- **About this exercise**
Working through the data below, reproduce word for word the line with "Custom knife maker" and every line after it, both ends included, and omit the pictures.

- **Dataset content**
-----

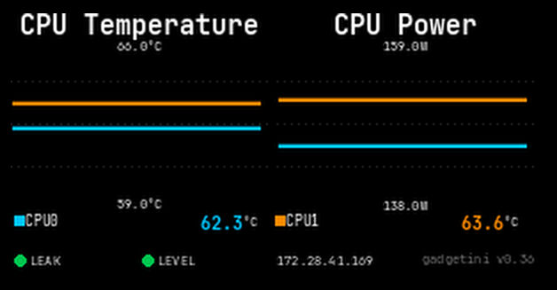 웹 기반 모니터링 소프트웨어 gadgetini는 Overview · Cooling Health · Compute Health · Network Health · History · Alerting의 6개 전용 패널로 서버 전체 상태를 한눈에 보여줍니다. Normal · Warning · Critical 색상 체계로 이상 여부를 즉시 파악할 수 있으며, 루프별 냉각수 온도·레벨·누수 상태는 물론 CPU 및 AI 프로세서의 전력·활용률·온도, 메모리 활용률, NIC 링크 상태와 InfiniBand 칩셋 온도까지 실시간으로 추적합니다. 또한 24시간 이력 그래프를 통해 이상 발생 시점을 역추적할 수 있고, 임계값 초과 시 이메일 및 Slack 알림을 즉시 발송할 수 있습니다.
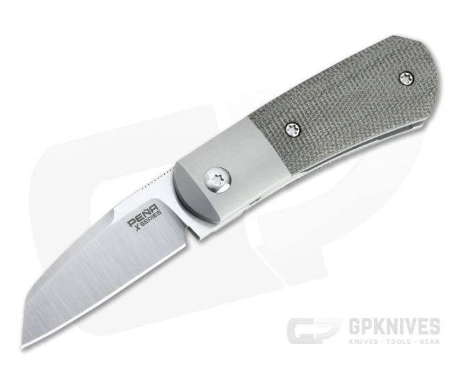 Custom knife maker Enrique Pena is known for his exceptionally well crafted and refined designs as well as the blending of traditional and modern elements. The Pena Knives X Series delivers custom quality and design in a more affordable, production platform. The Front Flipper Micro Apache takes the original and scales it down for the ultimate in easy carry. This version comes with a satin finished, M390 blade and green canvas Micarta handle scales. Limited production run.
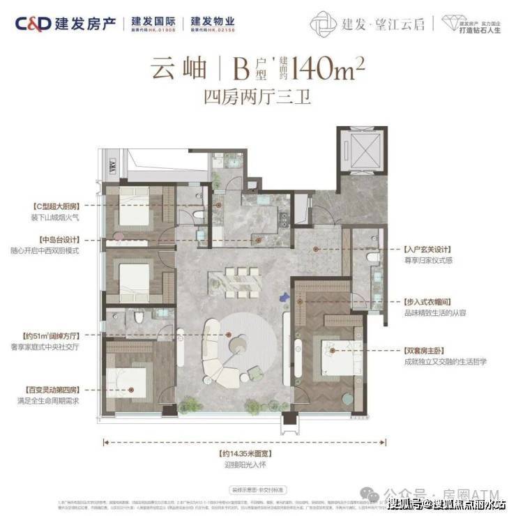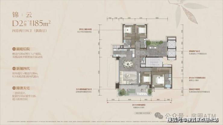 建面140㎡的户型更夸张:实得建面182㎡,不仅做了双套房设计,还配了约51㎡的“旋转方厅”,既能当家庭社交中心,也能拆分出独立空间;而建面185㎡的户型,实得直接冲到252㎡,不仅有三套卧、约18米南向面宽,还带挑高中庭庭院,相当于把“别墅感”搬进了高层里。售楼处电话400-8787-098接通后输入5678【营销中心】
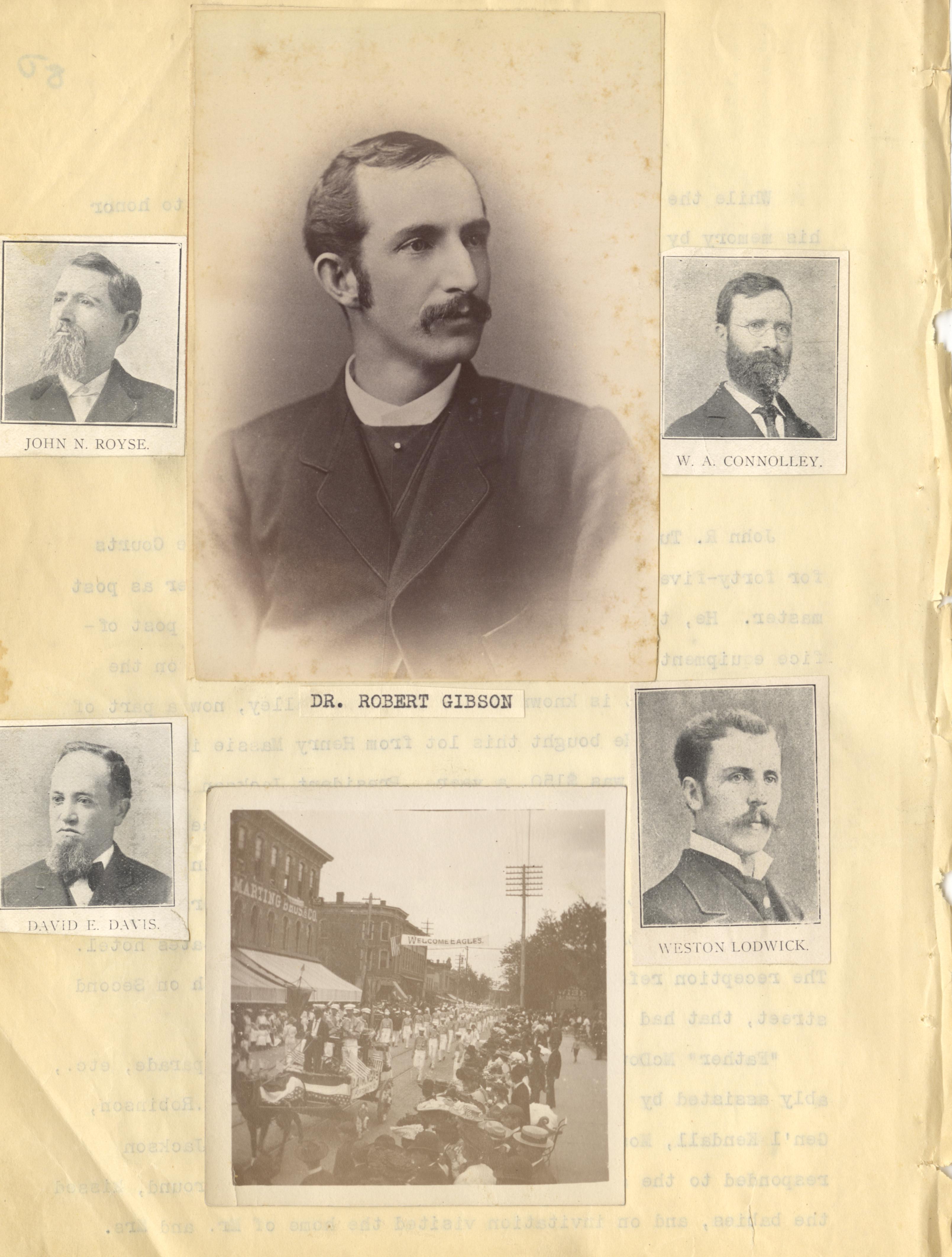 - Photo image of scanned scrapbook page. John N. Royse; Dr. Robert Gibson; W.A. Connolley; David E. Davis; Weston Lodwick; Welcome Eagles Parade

-----

- **Task output**
 Custom knife maker Enrique Pena is known for his exceptionally well crafted and refined designs as well as the blending of traditional and modern elements. The Pena Knives X Series delivers custom quality and design in a more affordable, production platform. The Front Flipper Micro Apache takes the original and scales it down for the ultimate in easy carry. This version comes with a satin finished, M390 blade and green canvas Micarta handle scales. Limited production run.
 建面140㎡的户型更夸张:实得建面182㎡,不仅做了双套房设计,还配了约51㎡的“旋转方厅”,既能当家庭社交中心,也能拆分出独立空间;而建面185㎡的户型,实得直接冲到252㎡,不仅有三套卧、约18米南向面宽,还带挑高中庭庭院,相当于把“别墅感”搬进了高层里。售楼处电话400-8787-098接通后输入5678【营销中心】
 - Photo image of scanned scrapbook page. John N. Royse; Dr. Robert Gibson; W.A. Connolley; David E. Davis; Weston Lodwick; Welcome Eagles Parade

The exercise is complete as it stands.